Records from a collection:
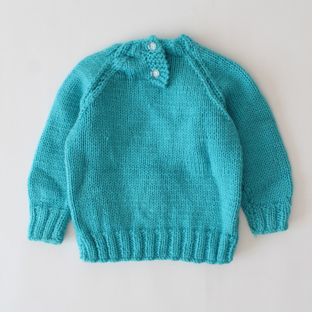 Color: The sweater is a bright turquoise shade which is a vibrant blue green color.
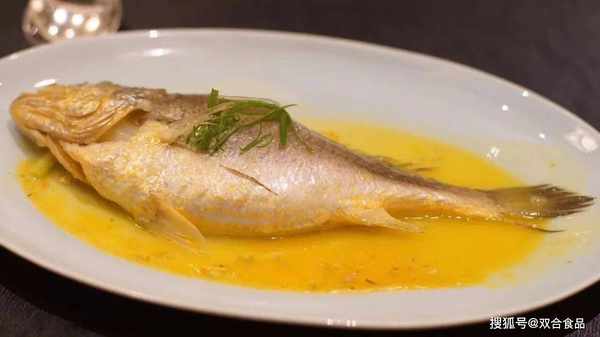 3、锅入蟹粉、心灵鸡汤、发制伏苓,加上料酒、白胡椒粉、盐、鸡精、白糖,小火炒10分钟左右,入冰箱冷藏成冻,装进裱花嘴,从鱼嘴巴挤进鱼腹,用虾胶封死鱼嘴巴,放盘里,加猪板油、动物油、葱、姜,入电蒸箱蒸20min,取下后过虑出料汁;将黄鱼摆盘,淋浓缩汁,装点香葱段就可以。砂锅海叁肥肠制做:1、发制乌参清洗控干,打花刀发展4公分的段,入大骨汤煨10min,熄火浸在汤里预留。
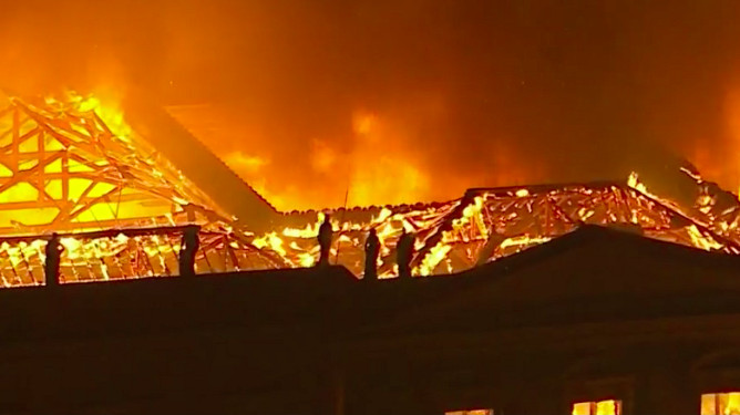 O Corpo de Bombeiros do Rio foi acionado às 19h30. Homens de quatro quartéis trabalham no local, que fica dentro do parque nacional da Quinta da Boa Vista. O prédio tem três andares, é ligado à Universidade Federal do Rio de Janeiro (UFRJ) e o fogo toma de conta de boa parte da construção.
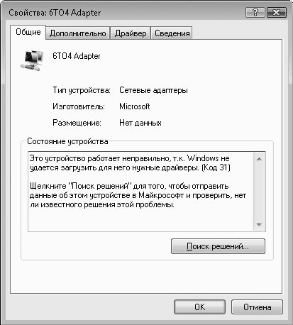 Чтобы разобраться в причине сбоя, двойным щелчком кнопкой мыши на значке устройства откройте окно его свойств. На вкладке Общие вы увидите описание состояния устройства и проблемы, вызвавшей неполадки в работе (рис. 3.23).
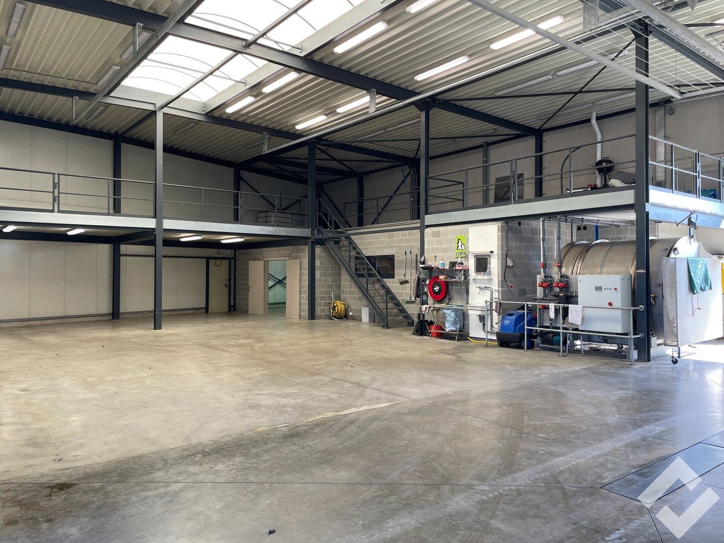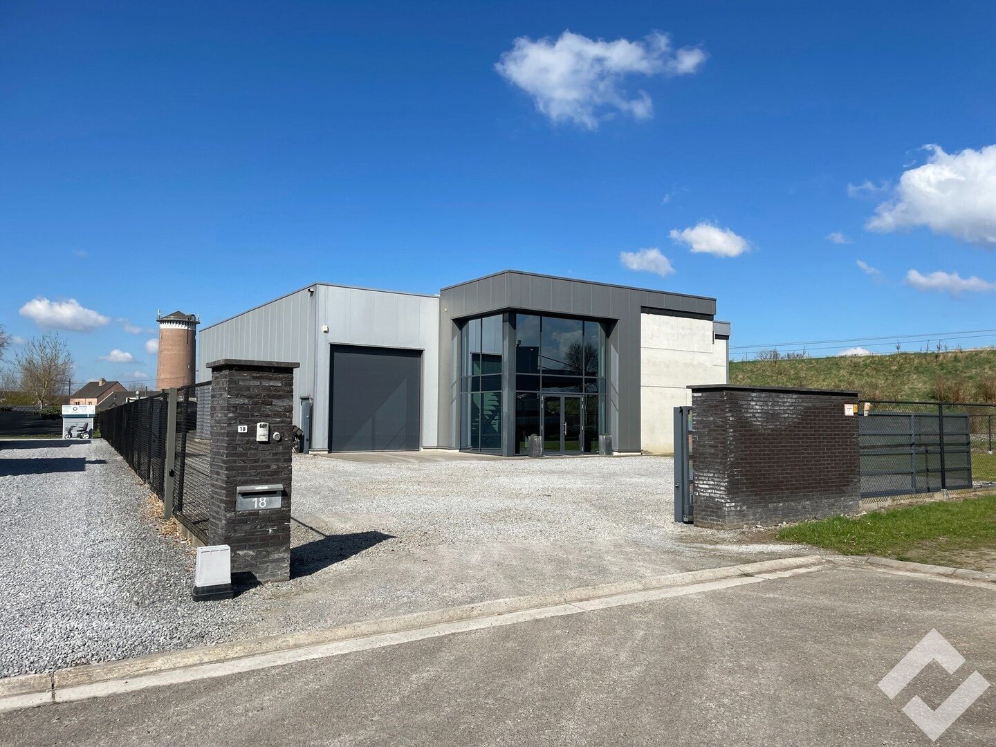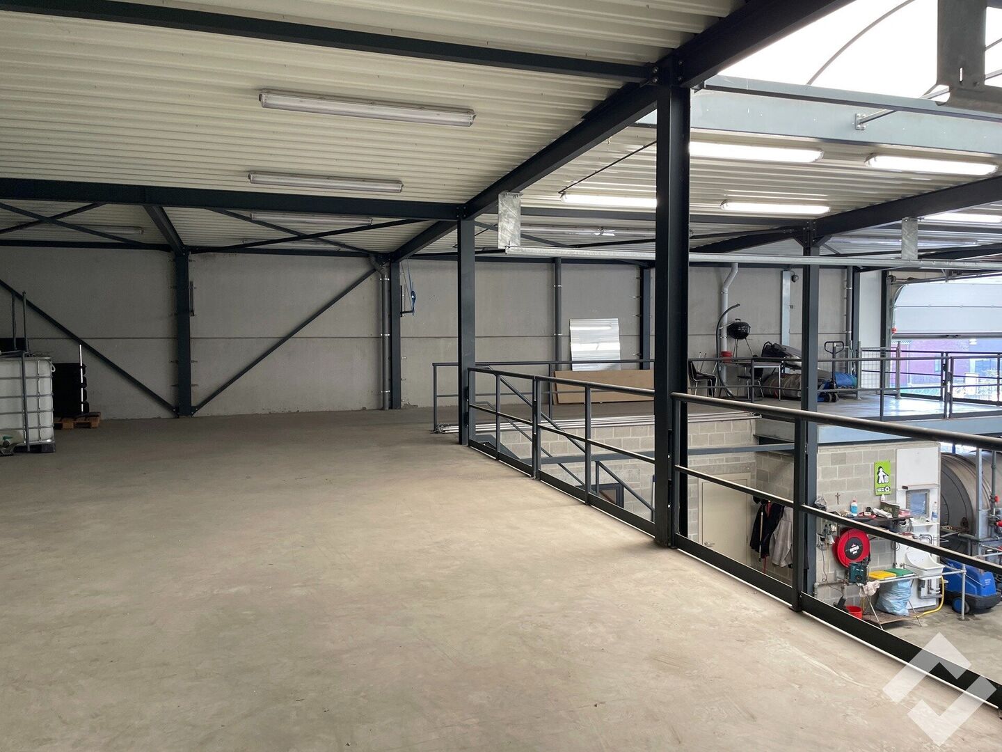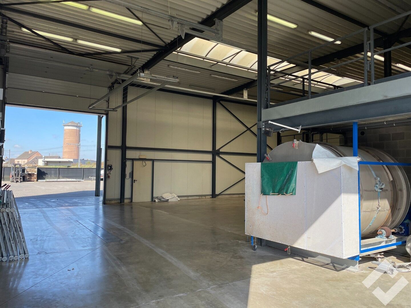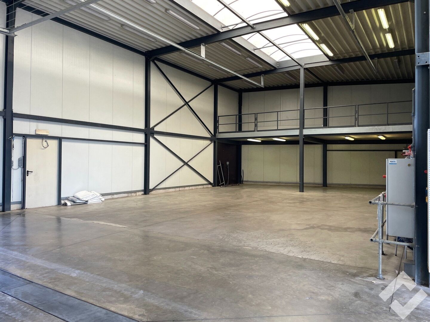 Het gebouw bestaat uit een werk/opslagplaats van 300m2 met een betonnen verdiepingsvloer van 100m2. Deze is opgetrokken in staalconstructie met geïsoleerde panelen beschikt over voldoende stroompunten (220V/380V), verlichting, gepolierde betonvloer met drainage en twee automatische sectionaalpoorten. Onder de verdiepingsvloer is nog een afgesloten werkatelier. Achteraan aan de hal is een luifel van 85m2 voorzien voor buitenopslag van goederen die tevens over verlichting beschikt. Het gebouw staat op een afgesloten perceel van 1.833m2, zo zijn er voldoende parkeerplaatsen en ruimte voor buitenopslag. Het terrein is vooraan en naast de hal voorzien van automatische poorten.
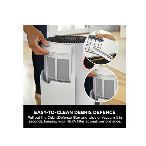 Benefit from 4 layers of powerful filtration: NanoSeal HEPA to capture dust and smoke, Activated Carbon to neutralise odours and gases, a Pet Particle Barrier to guard against dander and allergens, and an easy-to-clean DebrisDefence pre-filter.
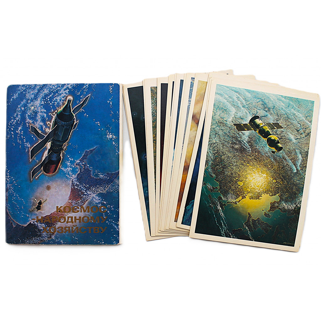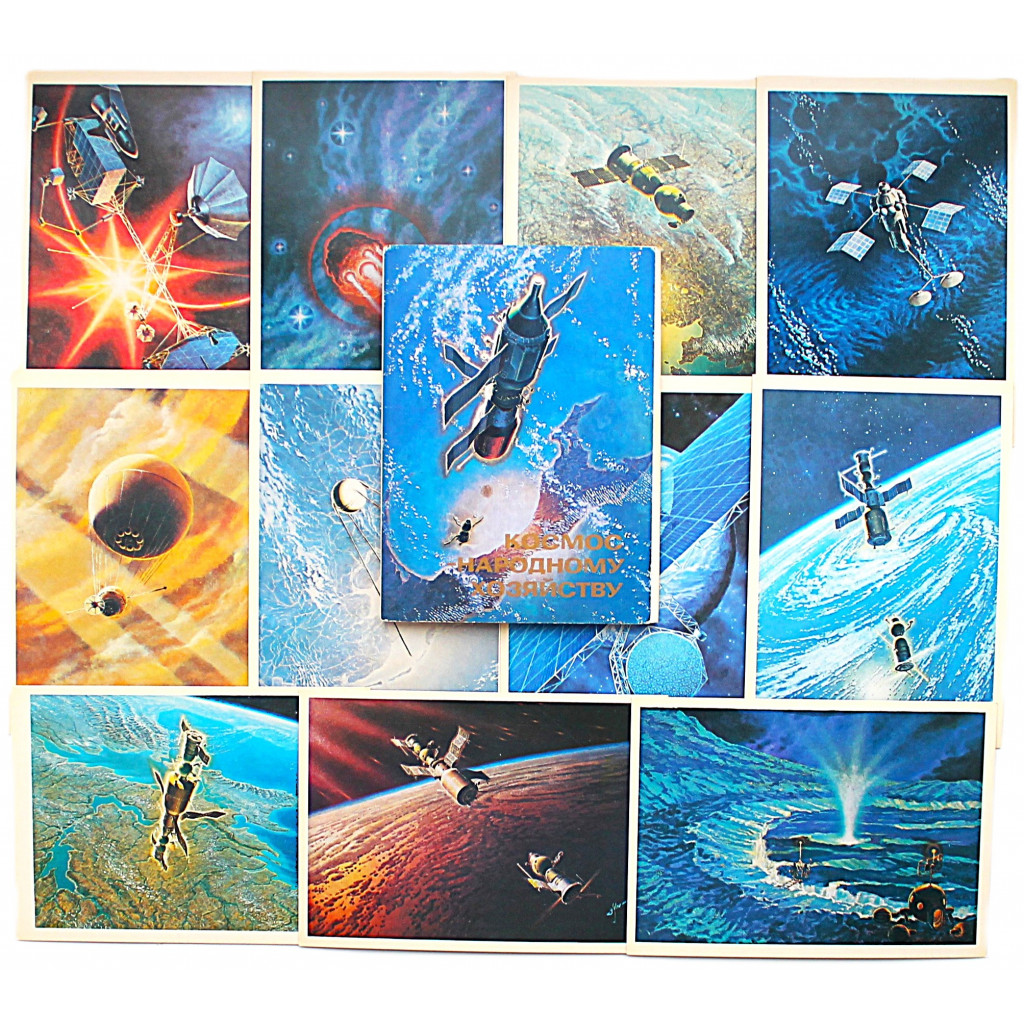 СССР набор открыток "Космос - народному хозяйству". Полный комплект из 16 штук (1985 год)

§ **The problem**: The lines to be transcribed are those from the first line of the data above through the line holding "Чтобы разобраться в", inclusive; copy them exactly and only, leaving out the pictures.

§ **Result of the task**:
 Color: The sweater is a bright turquoise shade which is a vibrant blue green color.
 3、锅入蟹粉、心灵鸡汤、发制伏苓,加上料酒、白胡椒粉、盐、鸡精、白糖,小火炒10分钟左右,入冰箱冷藏成冻,装进裱花嘴,从鱼嘴巴挤进鱼腹,用虾胶封死鱼嘴巴,放盘里,加猪板油、动物油、葱、姜,入电蒸箱蒸20min,取下后过虑出料汁;将黄鱼摆盘,淋浓缩汁,装点香葱段就可以。砂锅海叁肥肠制做:1、发制乌参清洗控干,打花刀发展4公分的段,入大骨汤煨10min,熄火浸在汤里预留。
 O Corpo de Bombeiros do Rio foi acionado às 19h30. Homens de quatro quartéis trabalham no local, que fica dentro do parque nacional da Quinta da Boa Vista. O prédio tem três andares, é ligado à Universidade Federal do Rio de Janeiro (UFRJ) e o fogo toma de conta de boa parte da construção.
 Чтобы разобраться в причине сбоя, двойным щелчком кнопкой мыши на значке устройства откройте окно его свойств. На вкладке Общие вы увидите описание состояния устройства и проблемы, вызвавшей неполадки в работе (рис. 3.23).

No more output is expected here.